International Congress brings together leaders in conservation
Advocates of conservation agriculture from around the world exchanged insights on using conservation ag to feeding a growing world population during a global agricultural conference held June 22-25.
The 6th World Congress on Conservation Agriculture (WCCA) in Winnipeg, Manitoba, focused on practical conservation applications and techniques that will help conserve soil, water and other natural resources, as well as provide economic returns. Farmers, researchers, educators, agricultural company representatives, government representatives and others from 47 countries shared ideas on the opportunities and challenges they face in conservation agriculture. Countries represented included Australia, England, France, Argentina, several African countries and more.
Hosted by the Conservation Agriculture Systems Alliance, a network of conservation agriculture organizations across North America, with the Conservation Technology Information Center (CTIC) and Soil Conservation Council of Canada (SCCC) taking the lead, the Congress was the first WCCA to be held on North American soil.
The event included several keynote speakers, discussion panels, networking opportunities and a chance to participate in tours after the Congress, which took attendees to see conservation agriculture in action on nearby farms in Canada and the United States.
Jerry Hatfield of the U.S. Department of Agriculture’s Agricultural Research Service, who served as WCCA program chair, said the Congress provided an opportunity to share ideas and learn from international colleagues on how conservation agriculture can be a success.
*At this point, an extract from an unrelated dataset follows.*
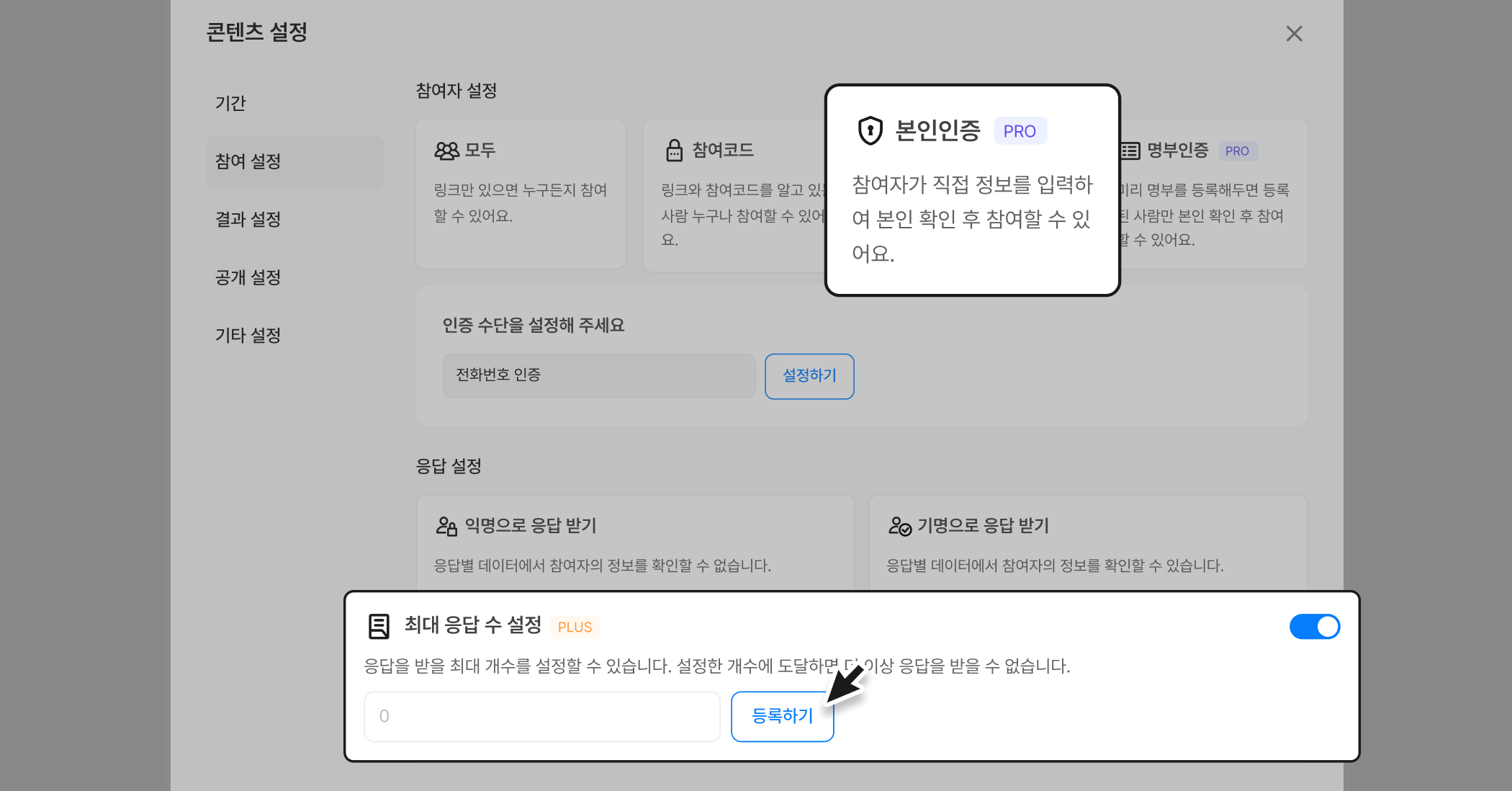 본인 인증 참여 유형의 최대 응답 수를 설정하는 기능의 위치가 이동했어요. [콘텐츠 설정 > 응답 설정]의 최대 응답 수 설정을 ON하면 응답 받을 최대 개수를 설정할 수 있어요.
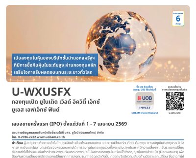 บลจ. ยูโอบี เปิดตัวกองทุนเปิด ยูไนเต็ด เวิลด์ อิควิตี้ เอ็กซ์ ยูเอส เอฟเอ็กซ์ ฟันด์ (U-WXUSFX) ลงทุนหุ้นของบริษัทชั้นนำนอกสหรัฐฯ ที่มีการรับซื้อคืนหุ้น (Buy Back) ผ่านกองทุนหลัก เพื่อโอกาสรับผลตอบแทนระยะยาวทั่วโลก เสนอขายครั้งแรก ระหว่างวันที่ 1 – 7 เมษายน 2569

“WCCA impacts agriculture because everyone shares their ideas freely and openly, regardless if you are from academia or another hemisphere, or have a farm or work in policymaking,” Hatfield said. “Our goal is to share ideas that have practical application and can be put to work improving soil health as well as benefiting the farmer and society.”
Throughout the conference, attendees were challenged by keynote speakers to implement and educate others on conservation agriculture. David Montgomery, author of Dirt: The Erosion of Civilizations, opened the Congress with his “Case for Global Soil Restoration.” He demonstrated how soil could have been the culprit for the downfall of several civilizations throughout history and how rebuilding good soil is essential for society to thrive.
Howard G. Buffett, a farmer, businessman and author of eight books on conservation, wildlife, and the human condition, acknowledged that differences among regions mean that no one cropping system or practice works everywhere. However, he emphasized, sustainable agriculture is essential for feeding the world’s population.
In his address to close the Congress, Dwayne Beck, manager of the Dakota Lakes Research Farm, challenged participants to use science and reason, not emotion and rumors, when tackling issues related to soil degradation. Beck also encouraged the use of a systems approach with several conservation practices together in harmony to tackle soil degradation problems.
Glen Shaw, executive director of the SCCC, said that Congress attendees valued hearing speakers from outside of North America describe their struggles to reduce soil degradation and increase soil health in their respective countries.
“Attendees heard a consistent message that implementation of conservation agriculture is key to feeding a growing world population,” Shaw said. “A number of Canadian farmers expressed to me that it was interesting to learn about sustainable agriculture practices from other countries. Farmers share many of the same issues regardless of where they farm.”